Lastly, we can group `feats` by UTM zone and then calculate the autocorrelation range for each zone. While we are not able to compare points separated by zones, this approach does have the double benefit of ensuring our points are always in Euclidean space and making the code nicely parallelizable without exceeding our memory constraints.

In [34]:
@delayed
def calculate_variogram(
    group: pd.DataFrame, data_col: str, **kwargs
) -> float | None:
    if not isinstance(group, pd.DataFrame) or len(group) < 200:
        return 0
    
    n_max = 20_000
    
    if "n_max" in kwargs:
        n_max = kwargs.pop("n_max")

    if len(group) > n_max:
        group = group.sample(n_max)

    OK = OrdinaryKriging(group["easting"], group["northing"], group[data_col], **kwargs)

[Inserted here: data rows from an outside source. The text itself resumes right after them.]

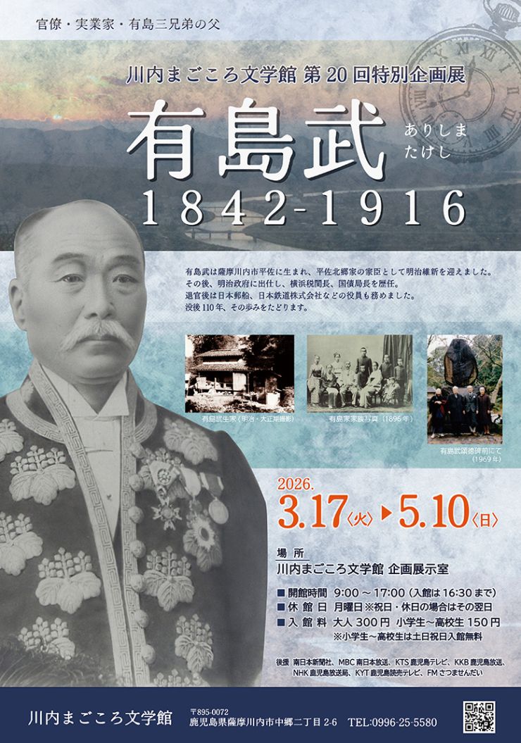 現在の薩摩川内市平佐町に生まれた有島武は、官僚や実業家として活躍し、有島三兄弟の父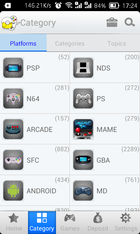 Atualmente suporta Arcade (MAME), GBA, GBC, SFC (Super Nintendo SNES) , FC (NES), MD (SEGA Mega Drive), a Sony PS1 etc jogo simulador.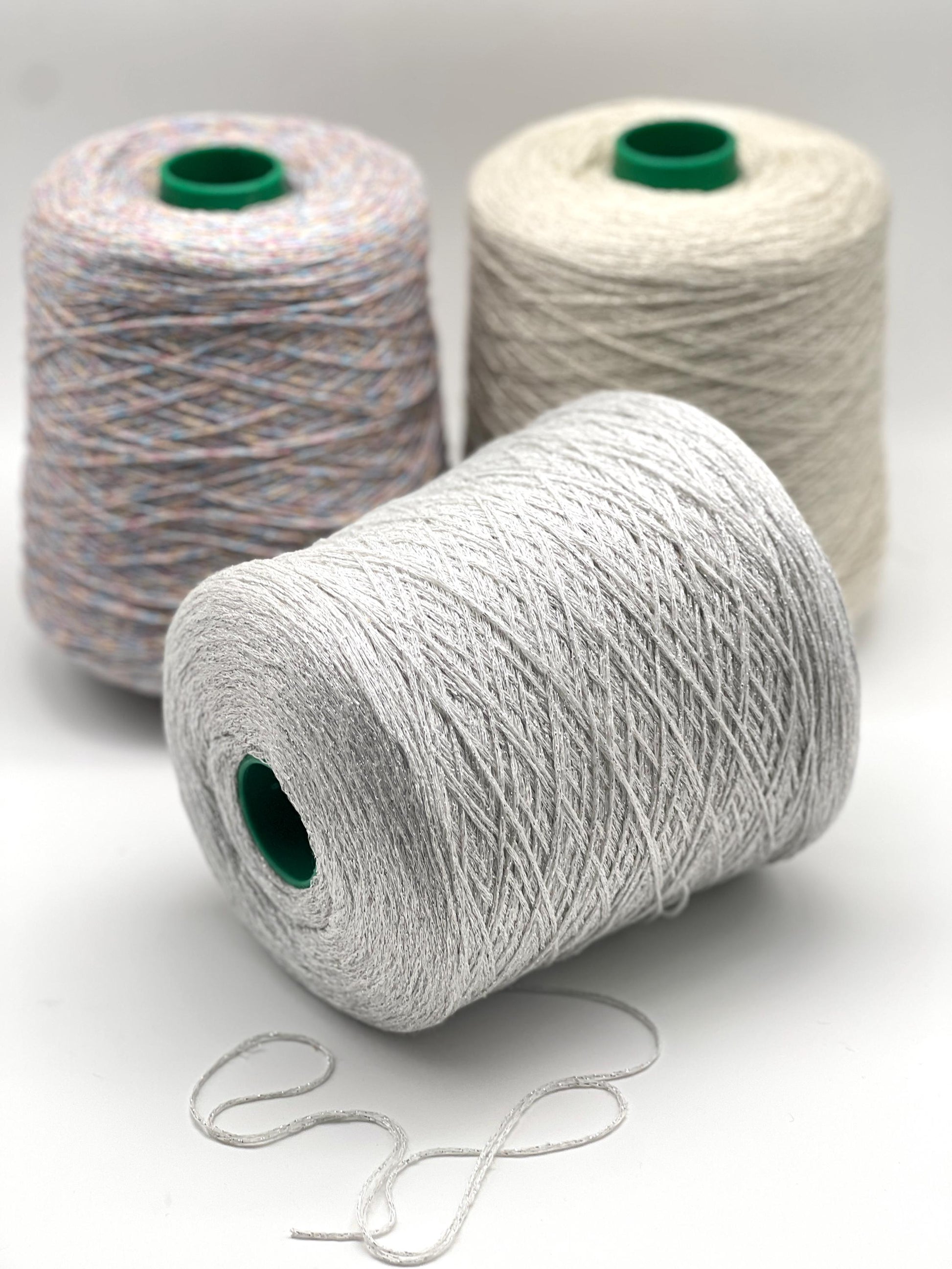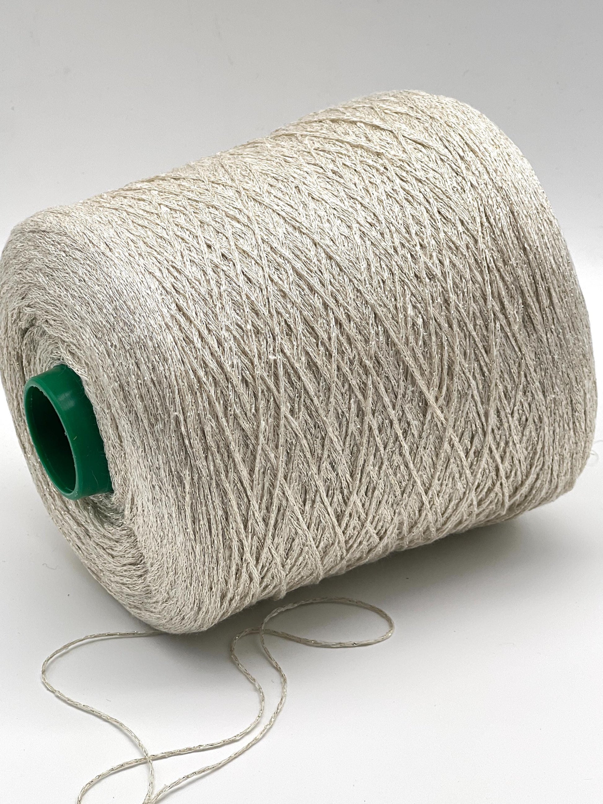📌 Please keep in mind: cone yarns, especially those containing natural fibers or lurex, may include a protective coating used for industrial knitting. A few gentle washes may be needed to allow the yarn to fully bloom and soften.

    return OK.variogram_model_parameters[1]

In [38]:
with Client(dashboard_address=cfg.dask_dashboard, n_workers=3) as client:
    grouped = feats[["X50_mean", "easting", "northing", "zone"]].groupby("zone")

    kwargs = {
        "n_max": 20000,
        "variogram_model": "spherical",
        "nlags": 30,
        "anisotropy_scaling": 1,
        "anisotropy_angle": 0,
    }

    results = [
        calculate_variogram(group, "X50_mean", **kwargs)
        for _, group in grouped
    ]

    # Apply the function to each group
    autocorr_ranges = list(compute(*results))

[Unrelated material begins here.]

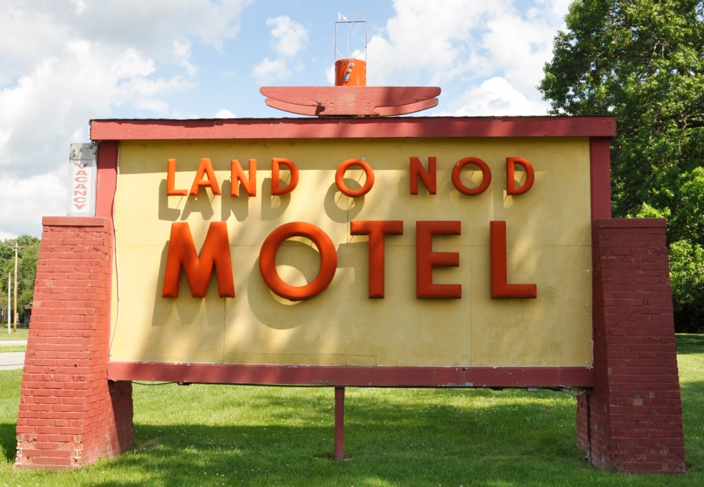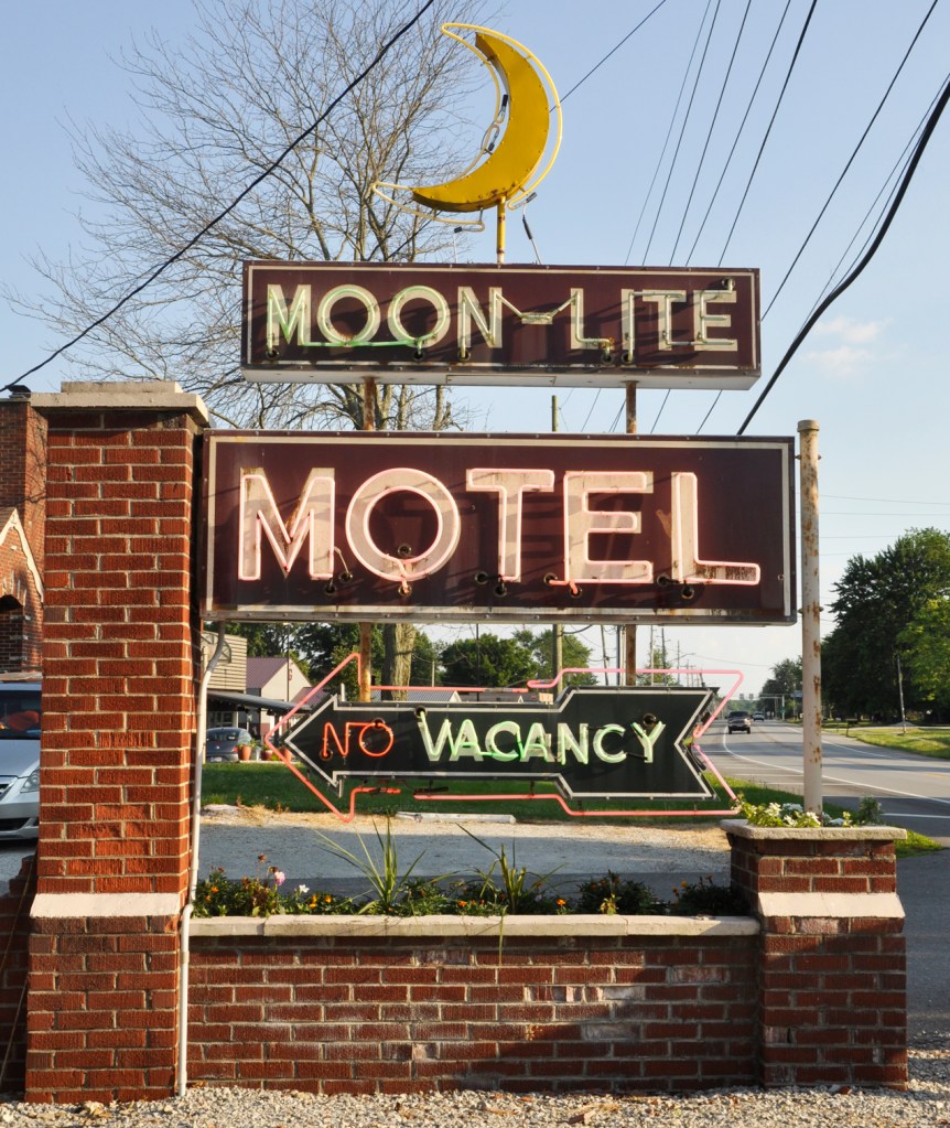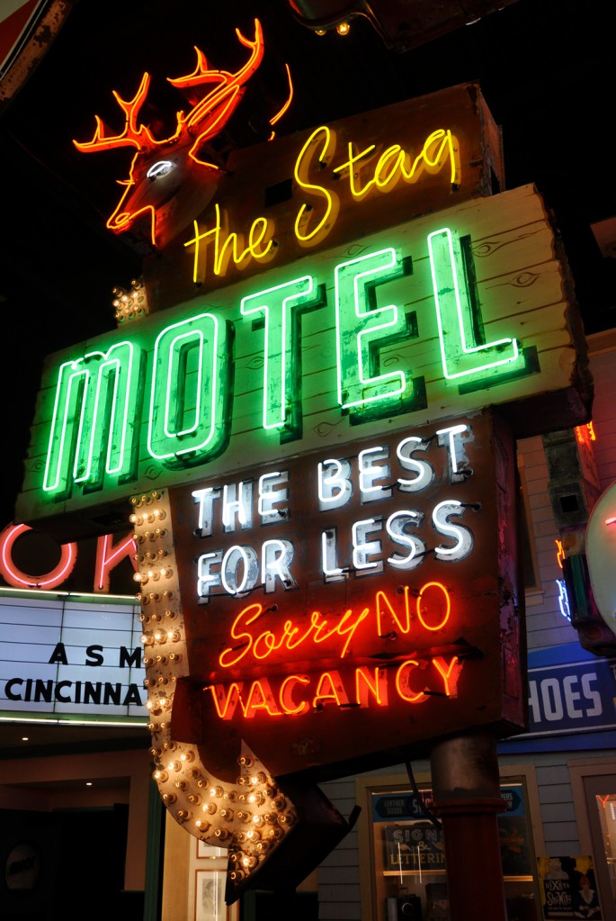 The Apache Motel sign in Tucumcari, NM — laying the in the parking lot for a couple of years now to prevent it from falling over:

    # Print the autocorrelation ranges
    filt_ranges = [r for r in autocorr_ranges if r != 0]

    print(kwargs)
    print(f"Mean range: {np.mean(filt_ranges) / 111325} deg")
    print(f"Median range: {np.median(filt_ranges) / 111325} deg")
    print(f"5th percentile range: {np.quantile(filt_ranges, 0.05) / 111325} deg")
    print(f"95th percentile range: {np.quantile(filt_ranges, 0.95) / 111325} deg")

This may cause some slowdown.
Consider scattering data ahead of time and using futures.


{'n_max': 20000, 'variogram_model': 'spherical', 'nlags': 30, 'anisotropy_scaling': 1, 'anisotropy_angle': 0}
Mean range: 3.535415466870557 deg
Median range: 2.300591841183184 deg
5th percentile range: 0.07223058805334966 deg
95th percentile range: 9.045320496182633 deg


```python
{
    "n_max": 20000,
    "variogram_model": "spherical",
    "nlags": 30,
    "anisotropy_scaling": 1,
    "anisotropy_angle": 0,
}
# Mean range: 3.535415466870557 deg
# Median range: 2.300591841183184 deg
# 5th percentile range: 0.07223058805334966 deg
# 95th percentile range: 9.045320496182633 deg
```

```python
{
    "n_max": 20000,
    "variogram_model": "spherical",
    "nlags": 20,
    "anisotropy_scaling": 1,
    "anisotropy_angle": 0,
}
# Mean range: 3.5283237814004558 deg
# Median range: 2.511821835038483 deg
# 5th percentile range: 0.0710157956836979 deg
# 95th percentile range: 8.96835642780179 deg
```

```python
{
    "n_max": 20000,
    "variogram_model": "spherical",
    "nlags": 10,
    "anisotropy_scaling": 1,
    "anisotropy_angle": 0,
}
# Mean range: 3.3299486856787843 deg
# Median range: 2.2360914720180007 deg
# 5th percentile range: 0.07918879354605478 deg
# 95th percentile range: 8.604451120028585 deg
```

```python
n_max = 20_000
model = "spherical"
anistropy_angle = 90
anisotropy_scaling = 1.5

# Mean range: 3.5017888367085375 deg
# Median range: 2.056769300783017 deg
# 5th percentile range: 0.13736201609716384 deg
# 95th percentile range: 9.450227873471638 deg
```

```python
n_max = 20_000
model = "spherical"
anistropy_angle = 0
anisotropy_scaling = 1

# Mean range: 2.9805928835492264 deg
# Median range: 1.8259634833926948 deg
# 5th percentile range: 0.09173615524985357 deg
# 95th percentile range: 7.991990058407153 deg
```

```python
n_max = 10_000
model = "spherical"
anistropy_angle = 0
anisotropy_scaling = 1

# Mean range: 2.90236212377645 deg
# Median range: 1.7994449513764208 deg
# 5th percentile range: 0.09173615524985357 deg
# 95th percentile range: 7.980099791529539 deg
```

```python
n_max = 20_000
model = "linear"
anistropy_angle = 0
anisotropy_scaling = 1

# Mean range: 2.170098969135144e-06 deg
# Median range: 1.8805479230810616e-06 deg
# 5th percentile range: 1.0384935296796446e-06 deg
# 95th percentile range: 4.388690590407629e-06 deg
```

After looking through a few different runs, it seems like choosing a spherical variogram with no anisotropy and around 15 lags is probably a robust enough solution to handle the many different distributions of trait data.

The last thing to do is to calculate these mean ranges for all traits and save them in a file.